[EXERCISE GOAL]:
Could you set down exactly the lines in the records below between the line holding "pulsamos boton azul" and the line holding "Yxy 66.575,0.244,0.312 Color", inclusive?

[INPUT DATA]:
>>>

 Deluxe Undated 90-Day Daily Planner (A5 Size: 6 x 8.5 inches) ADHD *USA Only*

<<<
>>>

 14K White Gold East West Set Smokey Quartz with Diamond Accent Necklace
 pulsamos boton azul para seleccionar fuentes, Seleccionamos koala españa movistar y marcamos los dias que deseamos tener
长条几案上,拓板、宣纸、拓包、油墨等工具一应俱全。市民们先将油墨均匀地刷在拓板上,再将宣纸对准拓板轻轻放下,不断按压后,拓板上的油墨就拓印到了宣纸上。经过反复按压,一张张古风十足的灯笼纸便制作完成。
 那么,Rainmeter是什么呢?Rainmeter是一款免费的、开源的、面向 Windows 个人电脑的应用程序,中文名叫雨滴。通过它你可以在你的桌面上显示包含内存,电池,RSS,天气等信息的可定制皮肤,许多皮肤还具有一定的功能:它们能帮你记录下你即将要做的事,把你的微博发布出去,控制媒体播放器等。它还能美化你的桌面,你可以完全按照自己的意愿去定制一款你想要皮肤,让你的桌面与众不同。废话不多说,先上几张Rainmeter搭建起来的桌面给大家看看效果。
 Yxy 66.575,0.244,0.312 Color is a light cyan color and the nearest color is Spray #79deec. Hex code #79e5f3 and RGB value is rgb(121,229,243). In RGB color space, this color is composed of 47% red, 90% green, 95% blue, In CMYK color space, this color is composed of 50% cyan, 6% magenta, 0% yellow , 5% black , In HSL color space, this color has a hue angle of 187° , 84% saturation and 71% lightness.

<<<
>>>

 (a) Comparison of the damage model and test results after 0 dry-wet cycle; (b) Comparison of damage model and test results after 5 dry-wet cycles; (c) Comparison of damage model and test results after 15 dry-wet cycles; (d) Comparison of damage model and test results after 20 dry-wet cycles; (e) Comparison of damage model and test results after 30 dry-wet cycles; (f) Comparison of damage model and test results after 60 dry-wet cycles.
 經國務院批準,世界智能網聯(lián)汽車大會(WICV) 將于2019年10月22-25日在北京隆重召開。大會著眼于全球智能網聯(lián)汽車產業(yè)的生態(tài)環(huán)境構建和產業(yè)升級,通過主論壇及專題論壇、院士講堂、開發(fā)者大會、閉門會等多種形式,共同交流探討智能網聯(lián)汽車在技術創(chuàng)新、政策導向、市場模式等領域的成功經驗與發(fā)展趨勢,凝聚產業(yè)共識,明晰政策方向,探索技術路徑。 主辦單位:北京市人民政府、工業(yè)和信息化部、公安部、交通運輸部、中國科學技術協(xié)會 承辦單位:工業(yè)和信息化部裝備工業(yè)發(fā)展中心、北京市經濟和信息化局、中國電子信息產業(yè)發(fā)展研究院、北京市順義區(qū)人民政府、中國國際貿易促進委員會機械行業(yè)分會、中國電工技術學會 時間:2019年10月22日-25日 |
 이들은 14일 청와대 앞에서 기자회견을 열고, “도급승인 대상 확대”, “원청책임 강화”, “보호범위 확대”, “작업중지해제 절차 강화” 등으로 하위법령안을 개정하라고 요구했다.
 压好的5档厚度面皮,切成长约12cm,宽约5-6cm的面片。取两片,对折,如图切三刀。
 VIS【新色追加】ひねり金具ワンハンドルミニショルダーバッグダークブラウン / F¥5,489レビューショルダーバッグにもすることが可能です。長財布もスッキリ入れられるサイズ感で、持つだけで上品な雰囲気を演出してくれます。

<<<

[THE ANSWER]:
 pulsamos boton azul para seleccionar fuentes, Seleccionamos koala españa movistar y marcamos los dias que deseamos tener
长条几案上,拓板、宣纸、拓包、油墨等工具一应俱全。市民们先将油墨均匀地刷在拓板上,再将宣纸对准拓板轻轻放下,不断按压后,拓板上的油墨就拓印到了宣纸上。经过反复按压,一张张古风十足的灯笼纸便制作完成。
 那么,Rainmeter是什么呢?Rainmeter是一款免费的、开源的、面向 Windows 个人电脑的应用程序,中文名叫雨滴。通过它你可以在你的桌面上显示包含内存,电池,RSS,天气等信息的可定制皮肤,许多皮肤还具有一定的功能:它们能帮你记录下你即将要做的事,把你的微博发布出去,控制媒体播放器等。它还能美化你的桌面,你可以完全按照自己的意愿去定制一款你想要皮肤,让你的桌面与众不同。废话不多说,先上几张Rainmeter搭建起来的桌面给大家看看效果。
 Yxy 66.575,0.244,0.312 Color is a light cyan color and the nearest color is Spray #79deec. Hex code #79e5f3 and RGB value is rgb(121,229,243). In RGB color space, this color is composed of 47% red, 90% green, 95% blue, In CMYK color space, this color is composed of 50% cyan, 6% magenta, 0% yellow , 5% black , In HSL color space, this color has a hue angle of 187° , 84% saturation and 71% lightness.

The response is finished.